日本脳炎ウイルスに感染した蚊(コガタアカイエカ)に刺されることでうつる感染症。蚊に刺されてから6~16日後に発症する。人間から人間に感染することはないが、蚊の活動が活発になる夏には注意が必要となる。日本脳炎ウイルスは、ブタなどの動物の体内で増殖し、ある個体を刺した蚊が他の個体を刺すことで広範囲に広がっていく。このウイルスは感染してもほとんどの場合症状がなく、気がつかない程度で済むが、100~1000人に1人程度の割合で脳炎を発症する。発症した場合、約20~40%の感染者が死に至り、一命を取り留めても多くの場合脳などに後遺障害を残す。

原因

水田などで発生するコガタアカイエカが、ブタなどの体内で増えて血液中に出てきたウイルスを吸い、その上で人間を刺し感染する。ブタはコガタアカイエカに好まれたり、血液中のウイルス量が多かったりすることなどから、ウイルスの増幅動物としては最適であるといわれている。また、最近では日本の野生のイノシシが日本脳炎ウイルスを保有していたという報告もある。なお、蚊の行動範囲は2キロメートル程度とされているので、近くに養豚場などがある場合は対策を講じる必要がある。日本では、毎年西日本を中心に広い地域で日本脳炎ウイルスに感染したブタが確認されている。初めは6~7月ごろに九州、中国、四国地方からウイルスに感染したブタが見られるようになり、8~9月にかけてその範囲が徐々に広がっていく。しかし現在の日本国内では、ワクチン接種の推進やウイルスを持った蚊に刺される機会の減少、都市化など生活環境の変化により、発症者数は年間数名程度に抑えられている。

症状

6~16日程度の潜伏期間の後、突然の発熱で発症する。38〜40℃以上の高熱を出すこともある。加えて、頭痛や嘔吐、吐き気などのほか意識障害や精神症状など脳炎症状が見られることもある。子どもの場合は腹痛や下痢を伴う場合もある。これらに引き続き、うなじの硬直、光線への過敏な反応、脳神経症状、筋肉のこわばり、まひ、震えなどの症状も出る。感覚障害が起こることはまれで、まひは肩から先で起こることが多い。高熱を出した感染者や高齢者、小さな子どもの場合は症状が重篤化しやすく、回復後にさまざまな重い後遺症が出ることもしばしばある。

検査・診断

日本脳炎ワクチン未接種者や不完全接種者、また海外旅行歴がある脳炎発症者や、夏に脳炎を発症した者は必ず日本脳炎を疑わなくてはならない。診断には、感染者と思われる人間の髄液を用いる。髄液の中に、日本脳炎ウイルスの遺伝子や、ウイルス侵入時に体内で産生される抗体が認められれば、ほぼ感染していると考えられる。その際に気をつけなければならないのは、海外旅行歴がある感染者で、日本脳炎と同じ種類のウイルス(西ナイルウイルスなど)に侵されていたケース。
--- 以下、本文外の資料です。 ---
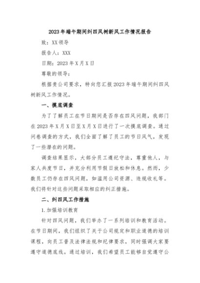 / 【七哥公文】2024年:2023年端午期间纠四风树新风工作情况报告+更多免费公文+VX:QiGeGongWen2024

なぜなら、日本脳炎でなくても検査で陽性反応が出てしまい、正確な診断ができなくなることがあるためである。

治療

決定的な治療法は存在しないため、対症療法が中心となる。中でも、高熱とけいれんの管理が重要だ。大量にステロイド剤を使う方法もあるが、一時的に症状を改善することはあっても、その後の経過や死亡率、後遺障害の有無にはまったく影響を及ぼさないので、根本的な解決にはならないとされている。日本脳炎は症状が現れた時点ですでにウイルスは脳に達し、その細胞を破壊している。一度破壊された脳細胞を修復することは不可能に近いので、今後日本脳炎ウイルスに有効な薬剤が開発されたとしても、一度発症した患者を元の状態に戻すことは非常に困難と推測されている。日本脳炎の治療の難しさを物語るものとして、30年前と比較して死亡率は下がったものの完治率は当時とほとんど変わっていないというデータもある。そのため、日本脳炎に最も有効な対処法は「予防」であるといわれている。

予防/治療後の注意

有効な対処法は「予防」だが、その中心となるのは蚊の対策と予防接種となる。日本脳炎のワクチンが予防に有効なことは既に証明されている。それを裏づけるものに、日本脳炎確定患者の解析データがある。これによれば、ほとんどの日本脳炎患者は予防接種を受けていなかったそうだ。ワクチンはまず3歳の時に1~2週間間隔で2回受け、さらにその1年後に1度受ける。その後9~12歳時に1回、最後に14~15歳時に1回の追加接種を受け完了となる。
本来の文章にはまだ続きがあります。